When will Trump act like a ‘wartime president’?

Donald J. Trump calls himself a “wartime president.” He says he is fighting an “invisible enemy.” As near as I can tell, the fight has just begun.

When, I have to ask, is Donald Trump going to start acting like a “wartime president”? When will the commander in chief cease with the phony happy talk and the hollow boasts about what a “fantastic” job he and his response team are doing in fighting the coronavirus pandemic?

My guess? He won’t stop the false bravado. He won’t in effect declare a state of war against this invisible enemy. Why? Because doing so just might send a signal that he and his team haven’t done quite as good a job as Trump keeps saying they have done.

Moreover, a wartime president doesn’t pit Americans against each other. He doesn’t criticize politicians from the opposing party. A wartime president calls all political leaders — from both parties — into the same room and talks candidly to them about the challenges the nation faces.

A wartime president calls a truce with governors and mayors who are struggling with their own battles. He offers to provide unquestioned, unqualified support in their battles.
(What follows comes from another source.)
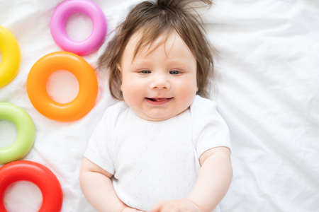 healthy baby boy lying on bed and play with colorful plastic circle toy

A president at war with an invisible enemy damn sure doesn’t condemn the media — print, digital or broadcast — that are doing their job in reporting the progress of the battle to the public.

Are we at war, Mr. President, with a common and deadly enemy? Or are you at war with those who merely question the manner in which you are behaving?

‘Wartime president’? Are you serious, Mr. POTUS?

Donald John Trump clearly is fixated with macho-sounding language, even as he fails repeatedly to act like the person he portrays himself as being.

He said today at a White House briefing that he considers himself a “wartime president” in light of the struggle the nation is fighting against the coronavirus pandemic.

OK, so he wants to wear the mantle once worn by the likes of Abraham Lincoln, Woodrow Wilson, FDR, Harry Truman, LBJ and George W. Bush, all of whom presided over a nation that was — and is — engaged in actual wars. Trump now is seeking to elevate the struggle against the coronavirus to what we have faced over many decades.

However, Donald Trump has yet to demonstrate the kind and quality of leadership that previous presidents have sought to exhibit. The federal government is still struggling to clear its throat and speak with a single, united, coherent voice on the fight against the pandemic.

In the meantime, Trump continues to fire salvos at the press, whose job is to chronicle events in real time. Does a “wartime president” actually have the time to concoct idiotic attack lines against the media, leveling ridiculous allegations that the media are deliberately conspiring to undermine him?

Hey, I totally get why Trump wants to be called a “wartime president” in an election year. He likely wants to parlay that label into a campaign mantra, seeking to encourage voters to back him because, well, we’re in the “middle of a war. Why do we want to change commanders in chief when we’re at war?”

It’s a cynical and utterly preposterous notion.